I think it makes a lot of sense to have a way to log writes that are
not generated by a vpcu, such as the GIC and maybe other things in the
future, such as DMA traffic (some SMMUs are able to track dirty pages
as well).
However, I don't really see the point in inventing a new mechanism for
that.
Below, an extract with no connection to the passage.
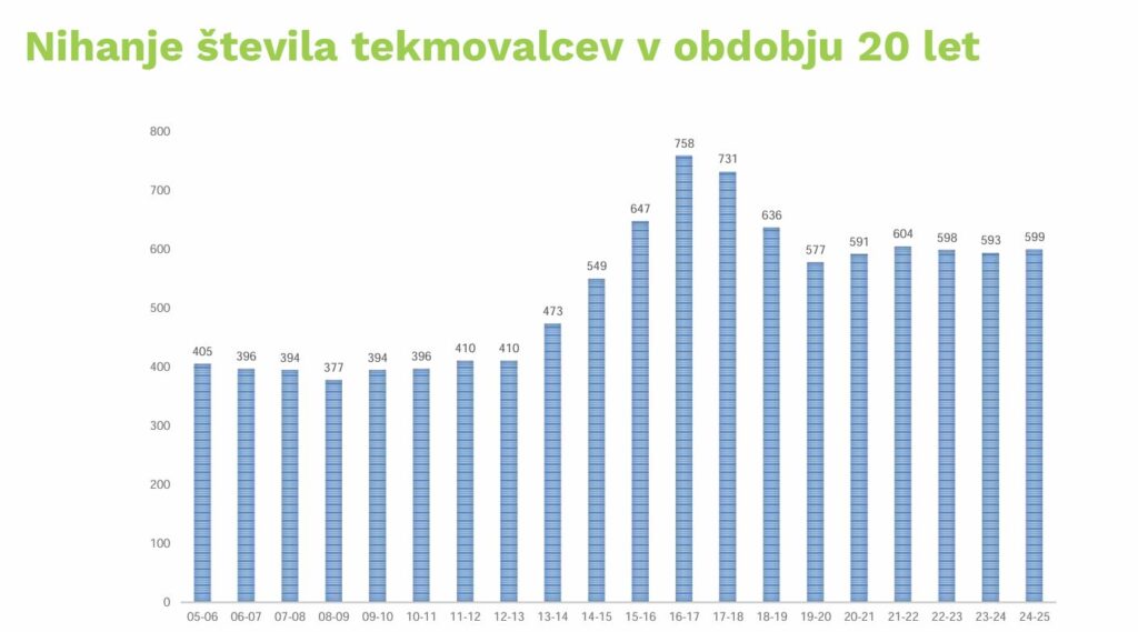 “Ko smo videli številke, smo se odločili nekaj storiti. Če smo imeli v preteklosti na kategorijo med 30 in 35 tekmovalcev, so zdaj te številke precej nižje, okoli 25 do 27. Bolje da se prej reagira in se številke dvignejo nazaj na raven, ki si jo želimo. To so številke, ki so bile dosežene po sijajni sezoni Petra Prevca in še leto po tem,” poudarja Pogorelčnik.

Why don't we simply allow non-vpcu dirty pages to be tracked in
the dirty *bitmap*?
From a kernel perspective, this is dead easy:
diff --git a/virt/kvm/kvm_main.c b/virt/kvm/kvm_main.c
index 5b064dbadaf4..ae9138f29d51 100644
--- a/virt/kvm/kvm_main.c
+++ b/virt/kvm/kvm_main.c
@@ -3305,7 +3305,7 @@ void mark_page_dirty_in_slot(struct kvm *kvm,
struct kvm_vcpu *vcpu = kvm_get_running_vcpu();
#ifdef CONFIG_HAVE_KVM_DIRTY_RING
- if (WARN_ON_ONCE(!vcpu) || WARN_ON_ONCE(vcpu->kvm != kvm))
+ if (WARN_ON_ONCE(vcpu && vcpu->kvm != kvm))
return;
#endif
@@ -3313,10 +3313,11 @@ void mark_page_dirty_in_slot(struct kvm *kvm,
unsigned long rel_gfn = gfn - memslot->base_gfn;
u32 slot = (memslot->as_id << 16) | memslot->id;
- if (kvm->dirty_ring_size)
+ if (vpcu && kvm->dirty_ring_size)
kvm_dirty_ring_push(&vcpu->dirty_ring,
slot, rel_gfn);
- else
+ /* non-vpcu dirtying ends up in the global bitmap */
+ if (!vcpu && memslot->dirty_bitmap)
set_bit_le(rel_gfn, memslot->dirty_bitmap);
}
}
though I'm sure there is a few more things to it.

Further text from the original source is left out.